The receptionist greets Eddie like he’s a long-lost friend, pulling a fun fact from his file and asking him how his job as a firefighter is going, and asking about his Christmas in Texas.
Christmas in Texas was five months ago, so Eddie gives a generic answer and seems completely normal while doing it. Eddie’s deathgrip on Buck’s hand is the only sign that anything is awry.
They drop into the waiting room chairs, Christopher right beside them on his phone. Buck catches Eddie’s eye and nods his head toward the hallway. Eddie shakes his head. Buck raises a brow. Eddie raises a brow in Chris’ direction. Buck levels him with a look. Eddie hits him with an even more threatening look. Buck sighs. Eddie squeezes Buck’s thigh and leaves his hand there. Buck covers it with his own.

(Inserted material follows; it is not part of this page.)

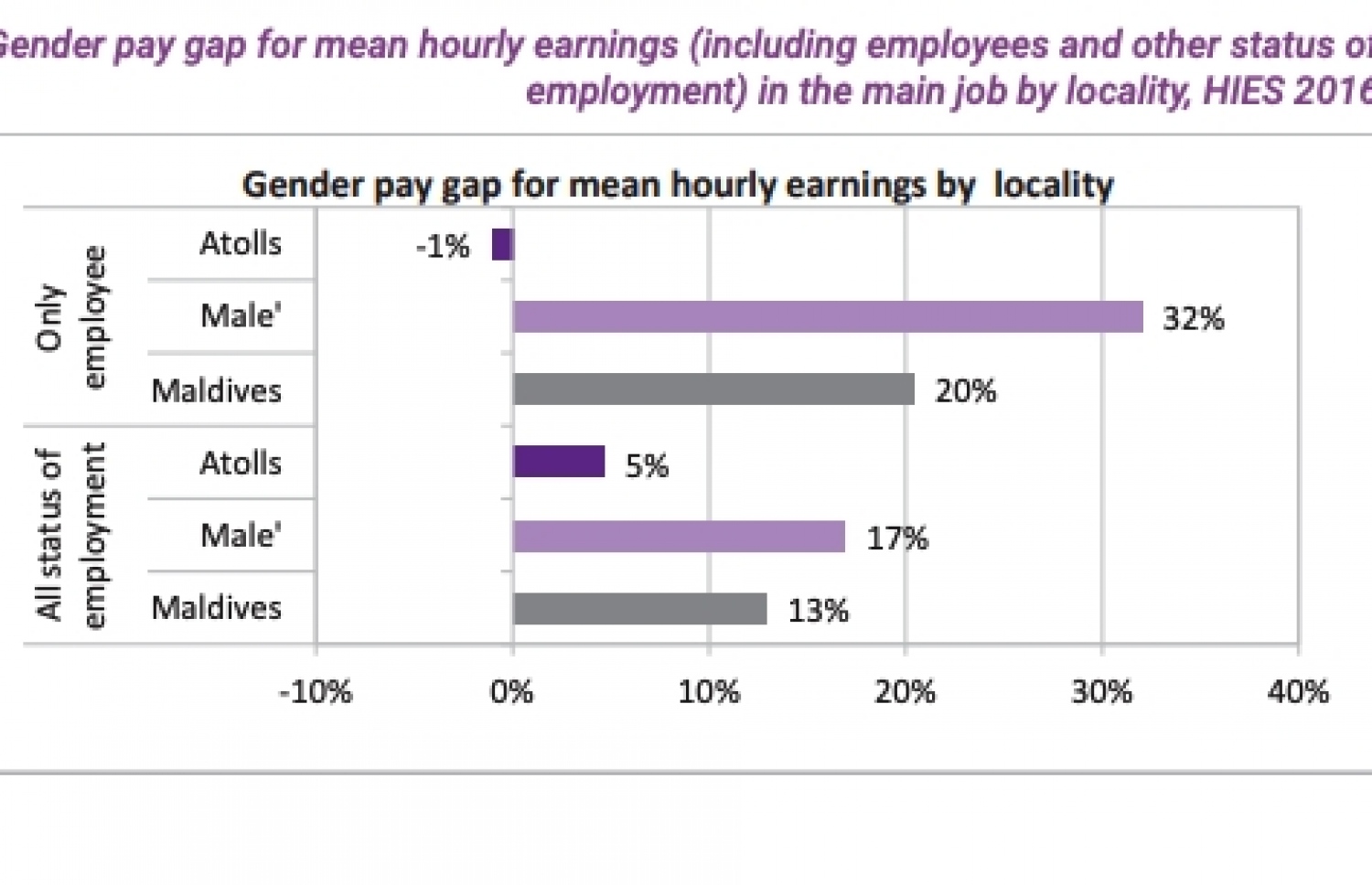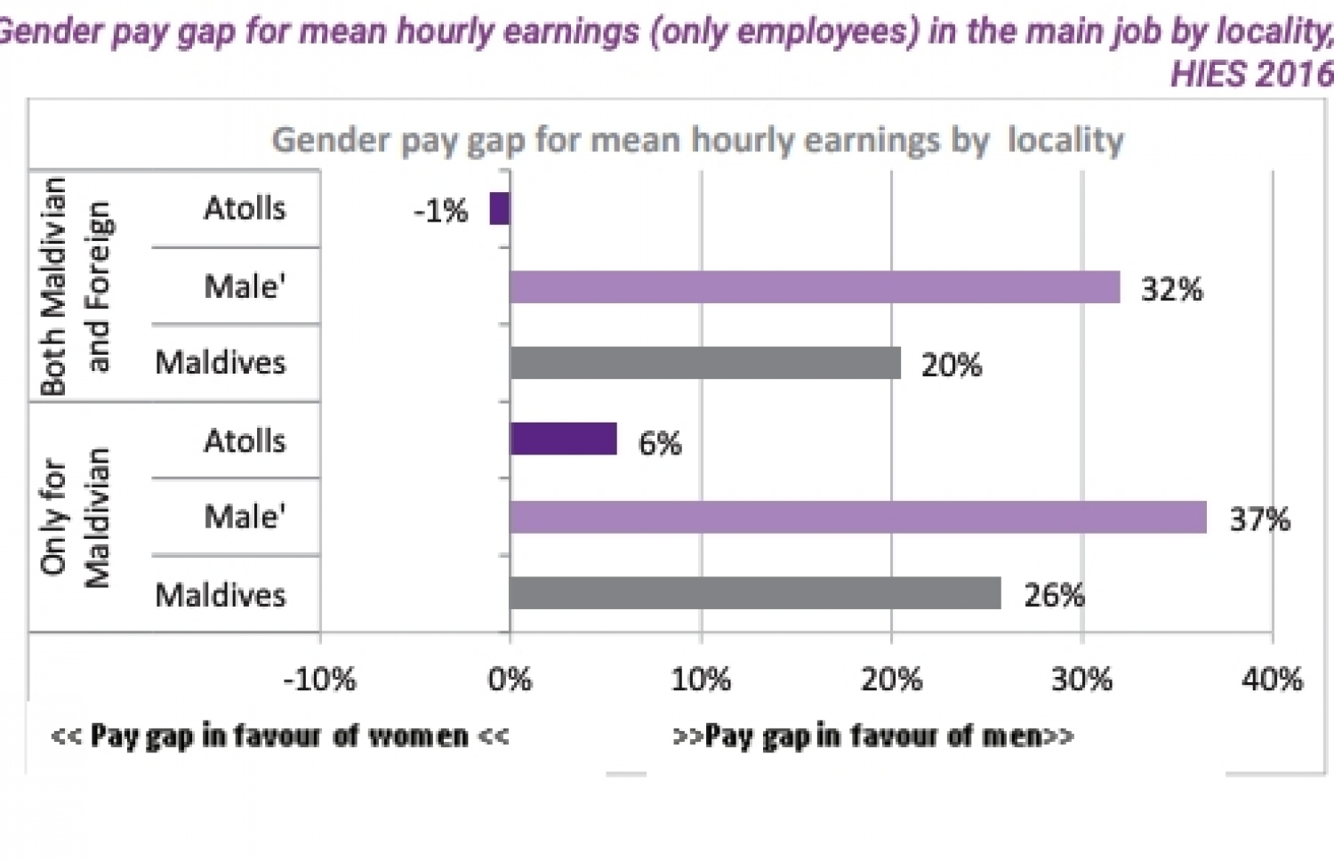 ނެޝަނަލް ބިއުރޯ އޮފް ސްޓެޓިސްޓިކްސް (އެންބީއެސް) އިން ހަޔަސްގެ މަސައްކަތްތެރިކަމާ ގުޅޭ ތަފާސްހިސާބު އެކުލަވާލައި ނެރެފައިވާ ރިޕޯޓުގައި ފާހަގަކޮށްފައިވާ ގޮތުގައި މުޅި ރާއްޖެ އަށް ބަލާ އިރު 2016 ވަނަ އަހަރު އަންހެން މުވައްޒަފުންގެ މުސާރަ ފިރިހެން މުވައްޒަފުންގެ މުސާރަ އަށް ވުރެ އެވްރެޖްކޮށް 20 ޕަސެންޓް ކުޑަ އެވެ. އަދި ހަމައެކަނި ދިވެހިންނަށް ބަލާ ނަމަ، އެ ފަރަގު (ޖެންޑަ ޕޭ ގެޕް) 26 ޕަސެންޓަށް އަރަ އެވެ.

If he’s not allowed to follow Eddie into the dentist’s chair and hold his hand the whole time, he’s sure as fuck gonna hold it right now.
A moment later, the dental hygienist appears in the waiting room to continue the ‘the dentist isn’t scary, look how friendly we are!’ performance. “Mr Diaz!” She greets, also seemingly delighted to see him. “How was Texas!?”
Eddie forces a smile on his face, engaging in the chit-chat as he follows the hygienist down the hallway with the energy of someone walking the plank.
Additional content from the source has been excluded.